Why Do People Have Unprotected Sex Knowing All Of The Possible Diseases They Can Get?
This is a great question!
So often we tell people the consequences of doing/not doing something and then that’s it, we just expect that now that they’re armed with information, people will just make the “right” choice.
But it’s just not that simple.
Because what we think may be “right” may not work for them.
Think about it, how many times in a day do you so something that you know isn’t the best thing for you, but you do it anyway.
Don’t speed! Doing so will increase your risk of getting in an accident and if there is one, the injuries are more likely to be severe… but you’re not thinking about that. All you’re thinking is that you really need to get to wherever you’re going, or it’s okay because everyone around you is speeding.
Make sure you exercise! Doing so will help strengthen your muscles and improve your brain health… but what you’re thinking is that you’re not really in the mood, or that it’s miserable weather out, and if you skip today, you can always do it tomorrow (I may or may not have used these when deciding to exercise today!).
Don’t eat that (insert specific food)! It’s empty calories / high in something you shouldn’t eat … but all you’re thinking is that it looks great, smells great and you really want it, and besides it’s just this one time.

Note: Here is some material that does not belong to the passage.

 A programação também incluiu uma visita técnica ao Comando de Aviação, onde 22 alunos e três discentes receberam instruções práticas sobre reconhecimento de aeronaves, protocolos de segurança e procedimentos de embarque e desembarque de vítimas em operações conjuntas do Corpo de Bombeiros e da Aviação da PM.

Are you starting to see the pattern?
Some people might refer to our decision making process as calculated risk, but honestly, we don’t always think through our decisions.
Especially when it comes to sex play. People engage in sex play for lots of reasons - it feels good, it make us feel desired, we’re horny, the list goes on and on.
And when we’re in the moment and everything feels good, we may not stop and think about the impact of unprotected sex. We may simply be too caught up in the moment and how good it feels.
Ideally, we would have conversations about safer sex prior to engaging in sex play, but that makes a lot of assumptions. It assumes that we know the person we’re going to hook up with. It assumes we’re sober enough to have those conversations.
It assumes we have the power to have those conversations.
In some relationships, the power dynamic leads to people being forced or pressured into doing things that they don’t want to do. In those types of relationships the topic of safer sex may never be discussed, and the person may not have the ability to take steps to protect themselves during sex.
It also assumes that we know how to have those conversations, that we have the skills and language to do so. And most of us don’t.
And the reason for that is most of us have never been taught how to talk about sex. For many people, sex was something that was a topic that was never discussed openly.
Teaching people about the possible consequences of unprotected sex is only the first step, we also need to teach people how to talk about sex. We need people to learn how to talk to a partner about sexual histories and what you do and don’t want during sex play.
We have to teach people that it’s okay to put your safety and desires first. Help them understand that if a partner won’t engage in safer sex when you want them to, that it’s okay to stop what you’re doing.
And even if we taught people all of those things, there are still some going to be times when people have unprotected sex. Because they got caught up in the moment, or they didn’t have a condom handy, or because they wanted to, or for a hundred other reasons.